Upper intermediate: B2

Comments

Dear Peter M,

Good day! Thank you so much for your previous comments on some issues which I got confused about. However, I need your valuable comments on the following two sentences regarding the meaning of participle clauses:

1. Economists often criticize rent control, arguing that it is a highly inefficient way to help the poor raise the standard of living.

What is the meaning of participle clause 'arguing that it is a highly inefficient way to help the poor raise the standard of living' in the above sentence?

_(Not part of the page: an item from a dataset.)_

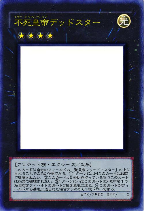 | このカードは自分のフィールドの「聖皇帝フリード・スター」の上に重ねることでのみX召喚できる。①1ターンに二回このカードは戦闘で破壊されない。②このカードがX素材を持っている限りこのカードは効果で破壊されない。③1ターンに一度このカードのX素材を1つ取り除きフィールドのカード2枚を墓地に送る。④このカードがフィールドから墓地に送られた場合デッキから1枚ドローできる。 | |||

How could the sentence have been restructured by using a dependent clause instead of participle clause?

2. For low levels of quantity supplied, the elasticity of supply is high, indicating that firms respond substantially to changes in the price.

What is the meaning of participle clause 'indicating that firms respond substantially to changes in the price'? How could the sentence have been restructured by using a dependent clause instead of participle clause?

Hello, Peter M & Kirk!

Hope everything is going great at your end. I am seeking your valuable comments on the usage of 'by directly controlling the price' in the following sentence which I came across in my economics text.

Each of these two groups (consumers and sellers) lobbies the government to pass laws that alter the market outcome by directly controlling the price of an ice-cream cone.

Wouldn't be grammatically correct writing 'directly controlling the price of an ice-cream cone instead'? Would there be any difference in meaning, though grammatically correct?

It would be highly appreciated from my end if you could provide some other examples of using by + verb+ ing and the reasons of using that structure.

Hello learner2018,

We use 'by + -ing' (by + object (gerund)) to show the method or technique by which something was done:

I made my fortune by investing in a tech company.

She scared the tiger away by sounding her car horn repeatedly.

 

Each of these two groups (consumers and sellers) lobbies the government to pass laws that alter the market outcome by directly controlling the price of an ice-cream cone.

Here, the meaning is clear: the method for altering the market outcome is the direct control of the price of an ice-cream cone.

 

Each of these two groups (consumers and sellers) lobbies the government to pass laws that alter the market outcome, directly controlling the price of an ice-cream cone.

Here, the meaning is different. The laws change the market outcome, and that results in the direct control of the.... In other words, by omitting 'by' we have changed the cause (method) into a result or co-occuring event.

 

This is quite common:

I answered, laughing. [I was laughing as I answered]

I answered by laughing. [The laugh was my answer]

 

Peter

The LearnEnglish Team

Sir,
My friend was an enthusiastic musician, being himself not only a very capable proformer but a composer of no ordinary merit.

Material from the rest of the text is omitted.